TASK OBJECTIVE. The output must consist only of the lines from the one with "Este convite clássico" through the end of the listing, restated exactly and free of pictures.

RAW DATA.
::::::::
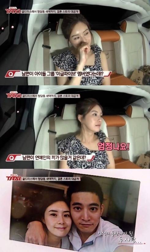 배우 최정윤 남편이 과거 이글파이브 멤버였던 사실이 밝혀졌다.최정윤은 지난 22일 방송된 tvN '현장토크쇼 택시'에 출연해 남편과의 첫 만남부터 결혼에 이르기까지의 달달한 러브스토리와 함께 '재벌가 며느리'에 대한 오해와 진실을 털어놨다.최정윤은 지난 2011년 12월 4살 연하의 이랜드그룹 박성경 부회장 장남인 윤태준과 결혼했다. 최정윤 남편은 2PM 닉쿤을 닮은 이목구비로 훈훈한 외모를 자랑한다.이날 최정윤은 "남편이 아이돌 그룹 이글파이브 멤버였다"며 "끼가 엄청나다. 지금도 남편은 '난 너무 배우가 하고 싶어'라고 말한다. 죽기 전에 한 번이라도 하고 싶다고 하는데 나는 반대다"고 말했다.최정윤 남편이 활동한 이글파이브는 지난 1998년 데뷔한 5인조 보이그룹으로 '오징어 외계인'으로 많은 사랑을 받았으나 2집 발표 후 해체했다.[최정윤 남편, 사진=tvN '택시' 방송 캡처]
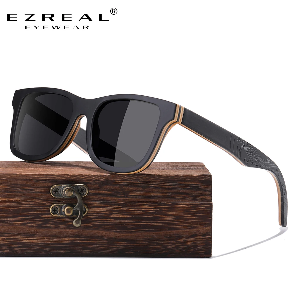 Солнечные очки EZREAL с деревянными дужками для мужчин и женщин, поляризационные солнцезащитные аксессуары ручной работы, для скейтборда, черные, S5832
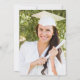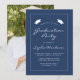 Este convite clássico e moderno para festas de formatura apresenta texto branco em uma borda retangular branca fina sobre um fundo azul marinho. A palavra "Graduação" e o nome do formando aparecem em letra casual moderna, sob um par de bonés de conselho de argamassa branca. Personalize o convite com detalhes da parte e substitua a imagem de exemplo no verso por uma foto do seu formando.
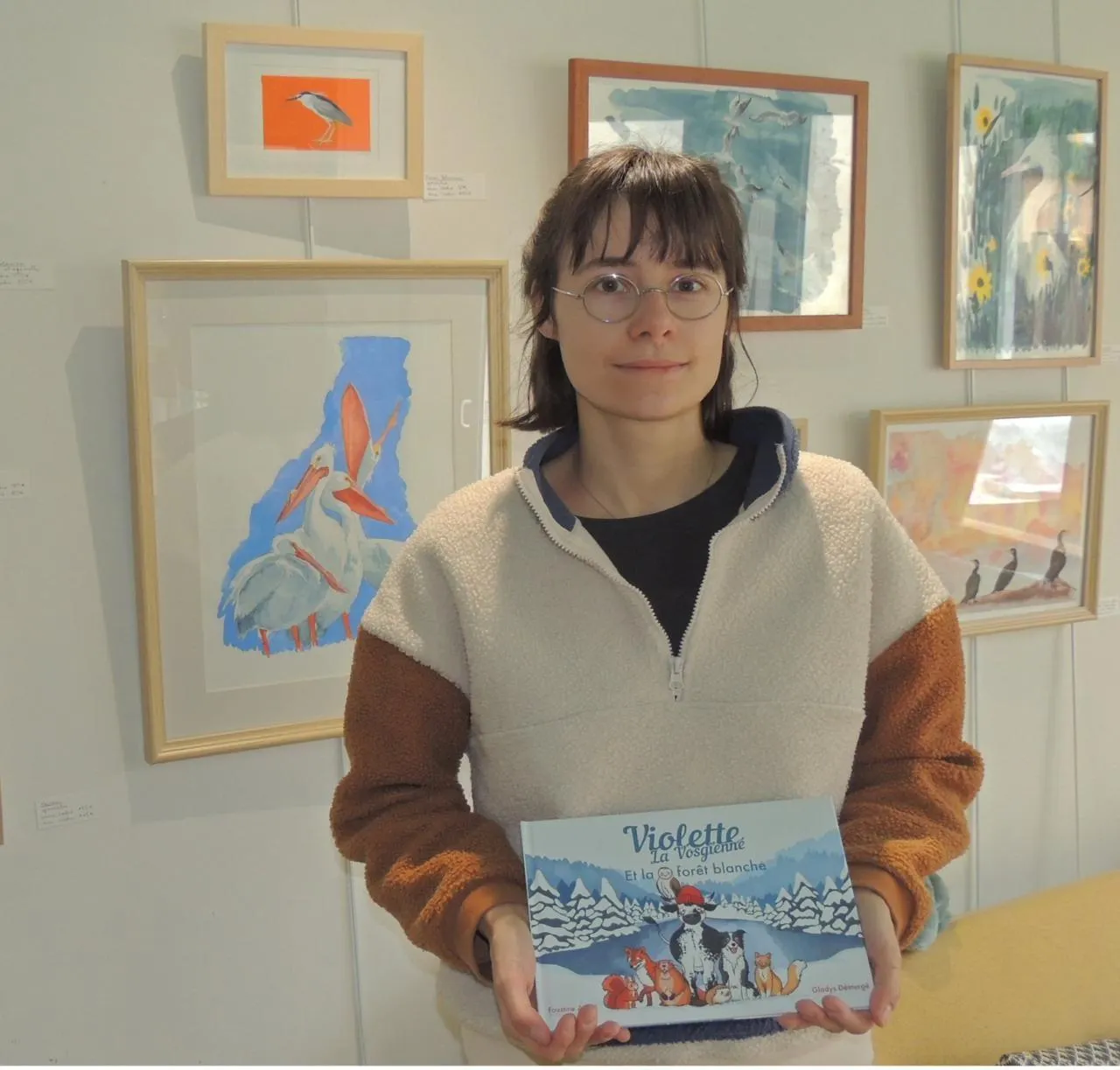 Ses dessins à l’encre de Chine sont peints à l’aquarelle ou à la gouache, Gladys Démurgé dessine de mémoire ou d’après photo les animaux, la nature ou encore les scènes de la vie courante. L’artiste réalise ses tableaux à la demande comme des illustrations personnalisées pour les familles. Elle est l’illustratrice du tome I Violette la Vosgienne et la forêt blanche.  Le livre de l’autrice Faustine Amiot sera prochainement suivi du tome II est destiné aux enfants de 4 à 7 ans, il est présent à la librairie le Mot de la faim et à la bibliothèque municipale Clara-Malraux.Â
::::::::
RESPONSE.
 Este convite clássico e moderno para festas de formatura apresenta texto branco em uma borda retangular branca fina sobre um fundo azul marinho. A palavra "Graduação" e o nome do formando aparecem em letra casual moderna, sob um par de bonés de conselho de argamassa branca. Personalize o convite com detalhes da parte e substitua a imagem de exemplo no verso por uma foto do seu formando.
 Ses dessins à l’encre de Chine sont peints à l’aquarelle ou à la gouache, Gladys Démurgé dessine de mémoire ou d’après photo les animaux, la nature ou encore les scènes de la vie courante. L’artiste réalise ses tableaux à la demande comme des illustrations personnalisées pour les familles. Elle est l’illustratrice du tome I Violette la Vosgienne et la forêt blanche.  Le livre de l’autrice Faustine Amiot sera prochainement suivi du tome II est destiné aux enfants de 4 à 7 ans, il est présent à la librairie le Mot de la faim et à la bibliothèque municipale Clara-Malraux.Â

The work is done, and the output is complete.